-- Exercise requirements --
Line by line, retype the material exactly and leave each picture out.

-- Exercise data --
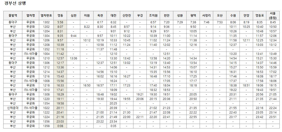 영동역 경부선 상행 무궁화호와 새마을호 열차 시간표입니다.
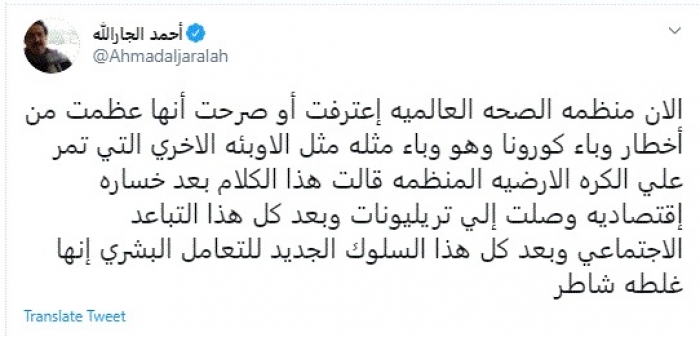 قال عميد الصحافة الكويتية ورئيس تحرير صحيفة السياسة الكويتية أحمد الجارالله، إن منظمت الصحة العالمية اعترفت بأنها بالغت من خطر وباء كورونا.
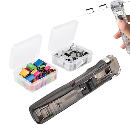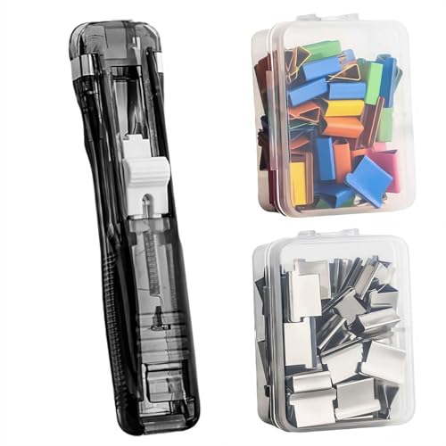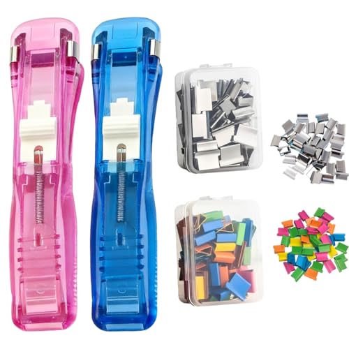Koceci 2PCS Paper Clip Dispenser with 200PCS Clam Clips, Portable Mini Stapler Holeless Stationery Push Clip and Paper Clamp for School Office Home (2 Colors)
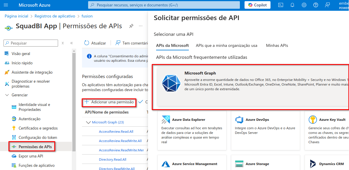 Configurações do Entra ID (Azure AD) no Squad BI:

-- Output --
 영동역 경부선 상행 무궁화호와 새마을호 열차 시간표입니다.
 قال عميد الصحافة الكويتية ورئيس تحرير صحيفة السياسة الكويتية أحمد الجارالله، إن منظمت الصحة العالمية اعترفت بأنها بالغت من خطر وباء كورونا.
Koceci 2PCS Paper Clip Dispenser with 200PCS Clam Clips, Portable Mini Stapler Holeless Stationery Push Clip and Paper Clamp for School Office Home (2 Colors)
 Configurações do Entra ID (Azure AD) no Squad BI:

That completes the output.